#### Recorded information
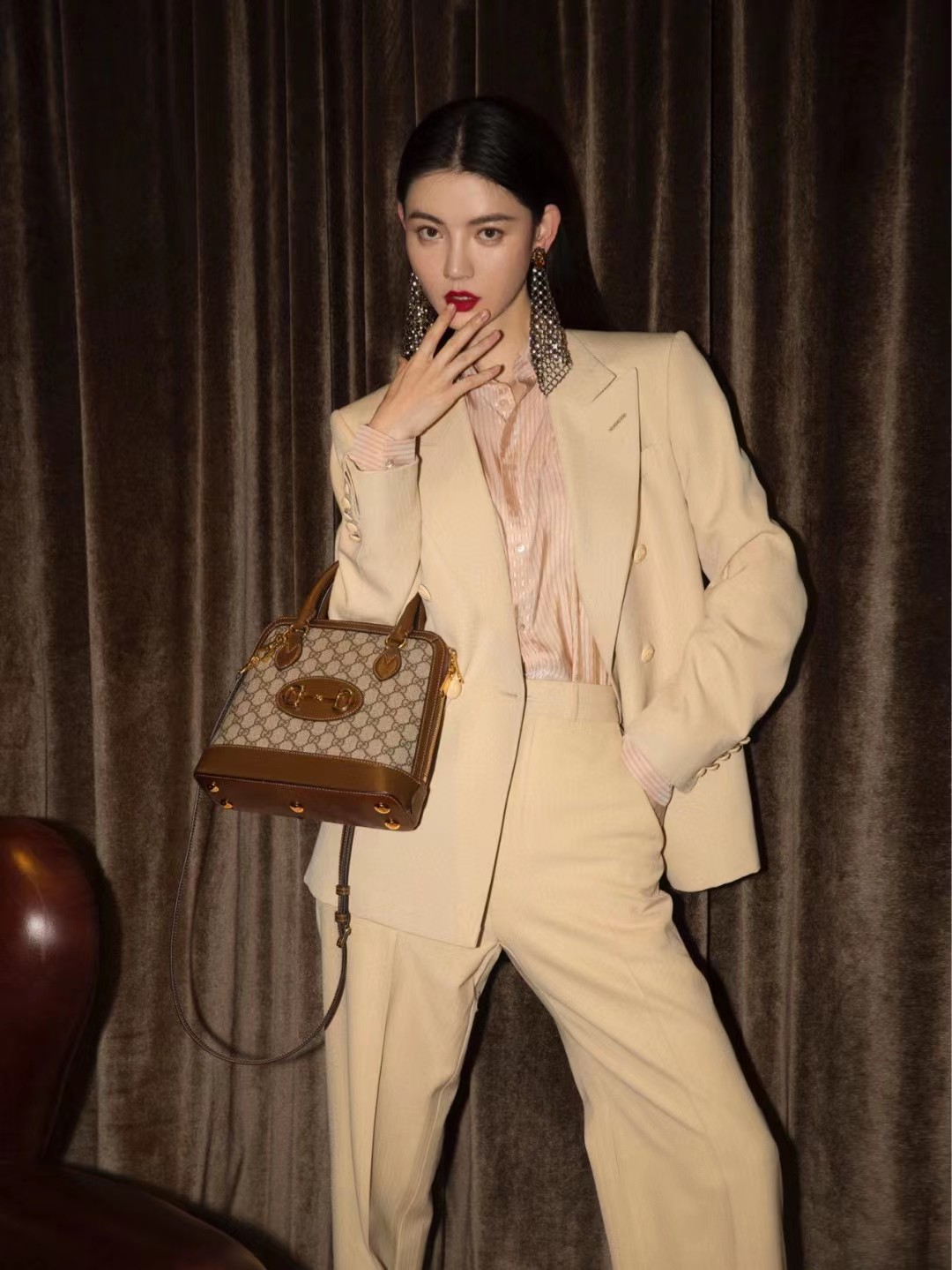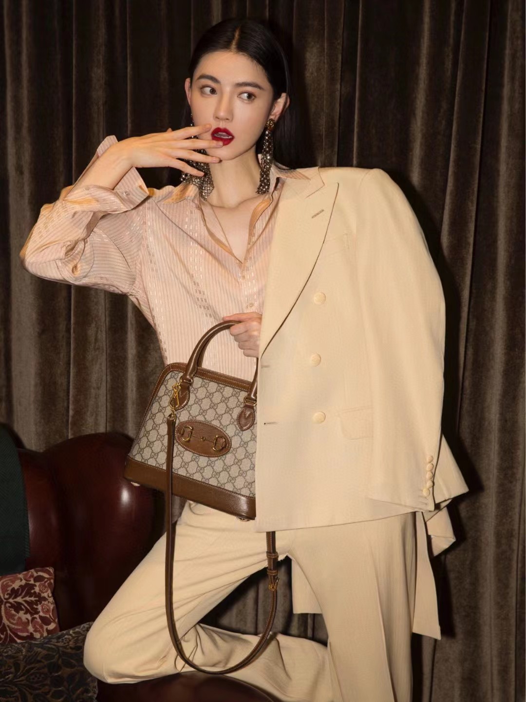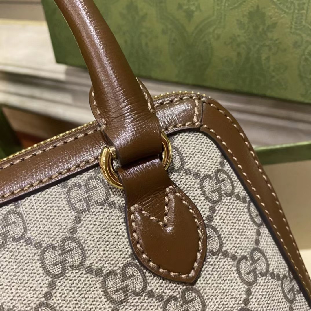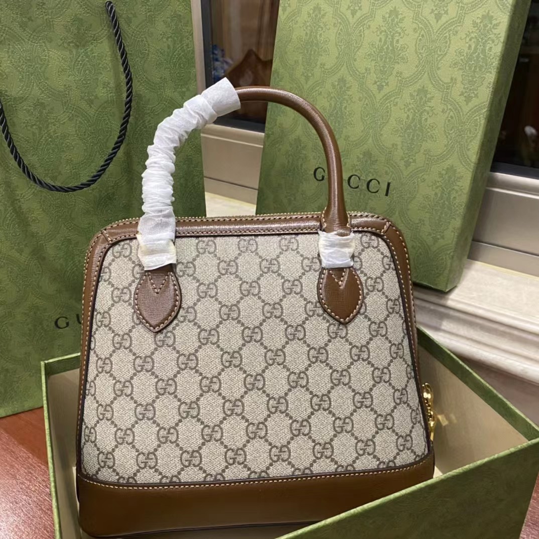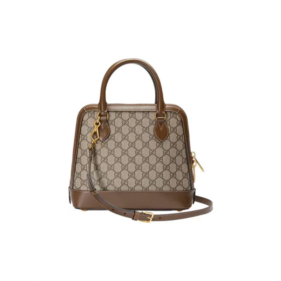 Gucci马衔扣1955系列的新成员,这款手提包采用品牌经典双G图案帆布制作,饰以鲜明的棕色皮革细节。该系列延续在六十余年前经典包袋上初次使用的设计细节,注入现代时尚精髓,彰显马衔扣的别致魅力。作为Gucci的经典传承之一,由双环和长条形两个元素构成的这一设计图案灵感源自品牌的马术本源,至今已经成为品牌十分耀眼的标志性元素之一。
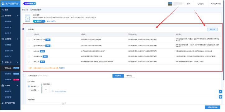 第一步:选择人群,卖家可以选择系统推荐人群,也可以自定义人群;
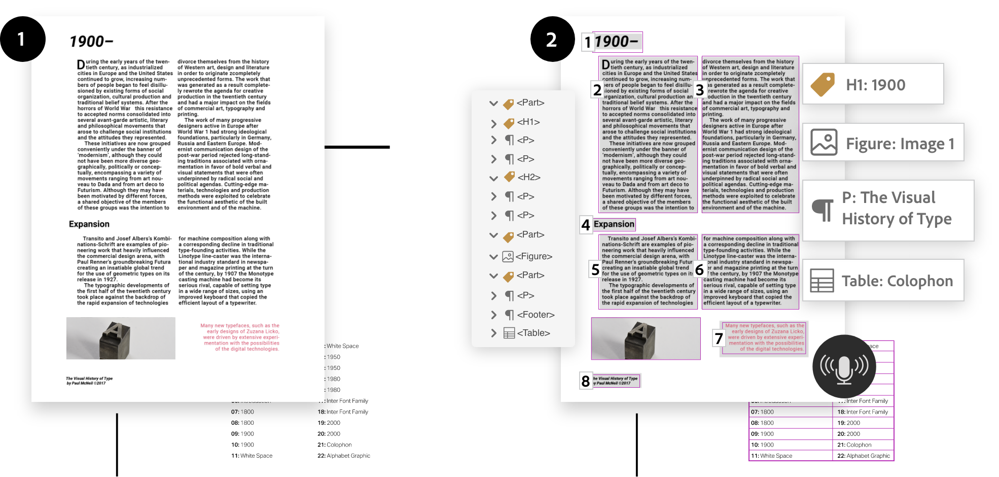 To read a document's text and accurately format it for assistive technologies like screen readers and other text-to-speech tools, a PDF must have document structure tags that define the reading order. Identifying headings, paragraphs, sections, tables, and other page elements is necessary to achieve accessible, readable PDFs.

#### Exercise requirements
Pictures are not part of the copy; transcribe the rest of the data verbatim.

#### Solution for this task
 Gucci马衔扣1955系列的新成员,这款手提包采用品牌经典双G图案帆布制作,饰以鲜明的棕色皮革细节。该系列延续在六十余年前经典包袋上初次使用的设计细节,注入现代时尚精髓,彰显马衔扣的别致魅力。作为Gucci的经典传承之一,由双环和长条形两个元素构成的这一设计图案灵感源自品牌的马术本源,至今已经成为品牌十分耀眼的标志性元素之一。
 第一步:选择人群,卖家可以选择系统推荐人群,也可以自定义人群;
 To read a document's text and accurately format it for assistive technologies like screen readers and other text-to-speech tools, a PDF must have document structure tags that define the reading order. Identifying headings, paragraphs, sections, tables, and other page elements is necessary to achieve accessible, readable PDFs.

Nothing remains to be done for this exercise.